Muestra | Resistencia a la tracción (MPa) | Elongación a la ruptura (%) | Módulo elástico (MPa) |
---|---|---|---|
Control | 7.01 ± 0.33 | 93.11 ± 16.10 | 0.74 ± 0.14 |
Carbodiimida | 6.64 ± 0.34 | 105.85 ± 13.63 | 0.44± 0.04 |
Interacciones Electrostáticas | 7.12 ± 0.41 | 102.45 ± 18.35 | 0.60 ± 0.04 |
De acuerdo con los resultados mostrados en la Tabla 2, a excepción del módulo elástico, no se encuentra una diferencia estadística significativa en las demás propiedades mecánicas del material cuando se prepara con la fibroína biofuncionalizada por ambos métodos, estos resultados son similares a los encontrados por diferentes autores cuando se inmoviliza heparina sobre diferentes materiales (Zia et al., 2016), sin embargo, en el caso específico de la biofuncionalización de fibroína con heparina, una consideración importante a tener en cuenta es que la estructura molecular de la heparina podrá interactuar a través de puentes de hidrógeno con los demás componentes del material, de este modo, dado que la heparina se inmoviliza sobre la fibroína en solución previo a la preparación del material final, es probable que la cantidad de enlaces de hidrógeno que se formen no sea muy alta comparada con el material sin biofuncionalizar, y por lo tanto, estas interacciones no se vean reflejadas en las propiedades mecánicas del material biofuncionalizado, por otra parte, en el caso del módulo elástico, cuando la heparina se inmoviliza por un enlace covalente a la fibroína, esta última utiliza las aminas terminales de su estructura para formar dichos enlaces, y por lo tanto, la cantidad de puentes de hidrógeno que se formarán serán lo suficientemente menores como para afectar la rigidez del material, por lo tanto, a pesar de que la inmovilización de heparina no afecta drásticamente las demás propiedades mecánicas, su principal efecto se verá reflejado en módulo elástico del material final solo cuando se biofuncionaliza por acople de carbodiimida, teniendo como consecuencia que el material resultó menos rígido, por lo tanto, puede ser potencialmente útil en la fabricación de dispositivos para contacto con la sangre como injertos vasculares.
CONCLUSIONES
Se logró biofuncionalizar superficies de fibroína por dos métodos diferentes incorporando la heparina de manera adecuado para aumentar la hidrofilicidad y llevarla al rango requerido para poder usar este biomaterial en aplicaciones cardiovasculares.

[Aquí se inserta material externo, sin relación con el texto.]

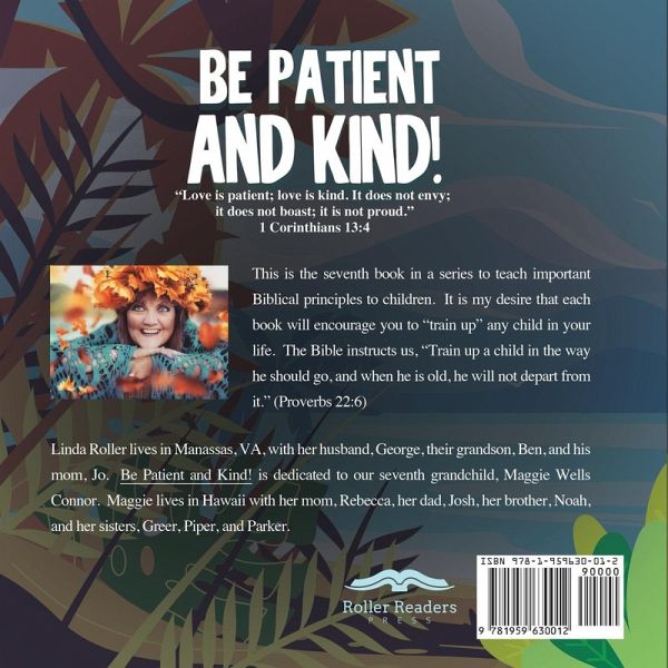 BE PATIENT AND KIND! is the seventh book in a series and is dedicated to our seventh grandchild, Maggie Wells Connor. Maggie was born in Tampa, Florida, on July 31, 2012. She now lives in Hawaii with her mom, Rebecca, her dad, Josh, three sisters, Greer, Piper, and Parker, and one brother, Noah. Maggie is patient and kind with her friends and family. Thank you, Jesus, for Maggie Wells.
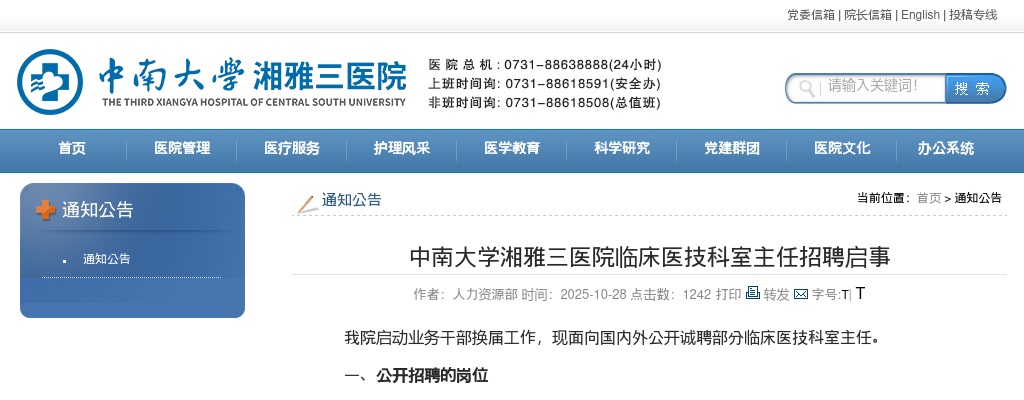 原标题:中南大学湘雅三医院临床医技科室主任招聘启事
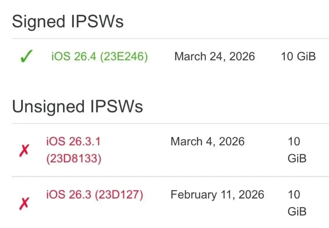 苹果刚刚正式关闭 iOS 26.3.1 正式版 验证通道,这意味着已升级至 iOS 26.4 正式版 / 26.4 测试版 的用户,无法再降级回 26.3.1。
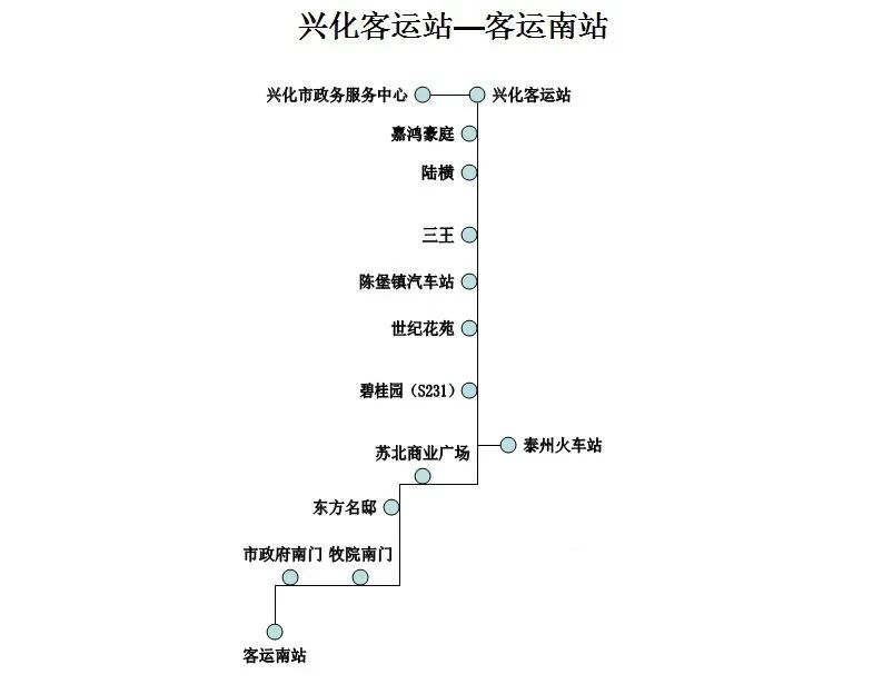 专线新增市政府南门、牧院南门、东方名邸、苏北商业广场等站点,一路串联起工作圈、商圈、社区、医院等,为满足部分旅客直达出行的个性化诉求,专线开设了6条直达班线,全程只保留汽车南站、泰州火车站、兴化客运站3个站点。
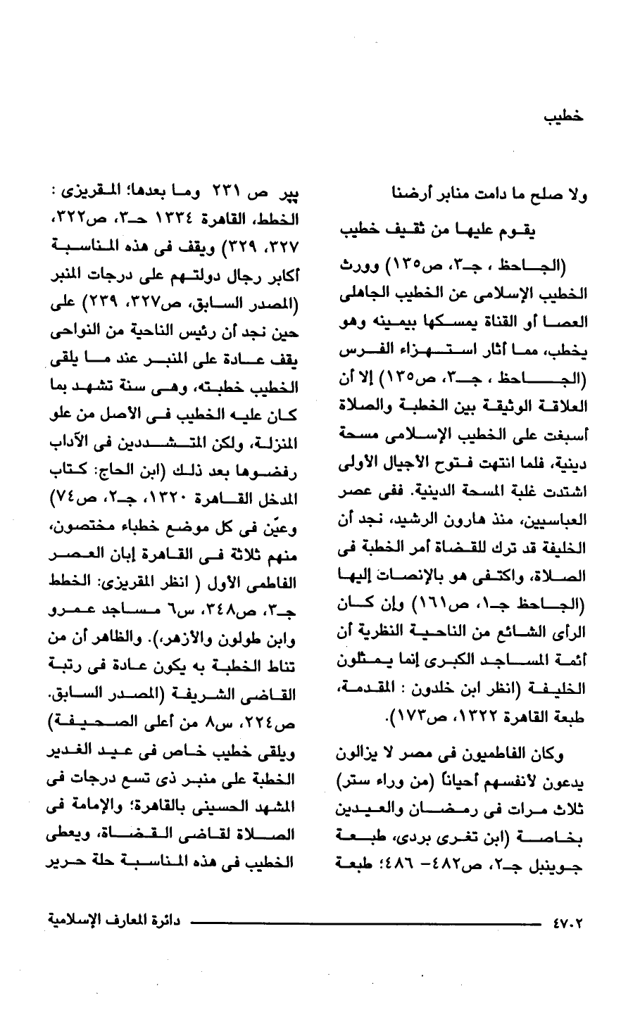 (الجاحظ، جـ 3، ص 135) وورث الخطيب الإسلامي عن الخطيب الجاهلي العصا أو القناة يمسكها بيمينه وهو يخطب، مما أثار استهزاء الفرس (الجاحظ، جـ 3، ص 135) إلا أن العلاقة الوثيقة بين الخطبة والصلاة أسبغت على الخطيب الإِسلامي مسحة دينية، فلما انتهت فتوح الأجيال الأولى اشتدت غلبة المسحة الدينية. ففي عصر العباسيين، منذ هارون الرشيد، نجد أن الخليفة قد ترك للقضاة أمر الخطبة في الصلاة، واكتفى هو بالإنصات إليها (الجاحظ جـ 1، ص 161) , وإن كان الرأى الشائع من الناحية النظرية أن أئمة المساجد الكبرى إنما يمثلون الخليفة (انظر ابن خلدون: المقدمة، طبعة القاهرة 1322 , ص 173).

Los procesos seguidos para realizar la biofuncionalización fueron adecuados tanto cuando se hace por acople de carbodiimida como por aprovechamiento de interacciones electrostáticas, sin embargo, la muestra biofuncionalizada por acople de carbodiimida presentó mayor estabilidad en el tiempo, lo que demuestra que dicha técnica resulta mejor a la hora de obtener el material con capacidad antitrombogénica.
El material producido y biofuncioanlizado resultó mostrar buena respuesta a la antitrombogenicidad, además de demostrarse que la biofuncionalización no alteró las propiedades mecánicas, lo cual puede ser una posibilidad de uso como material en la fabricación de implantes cardiovasculares.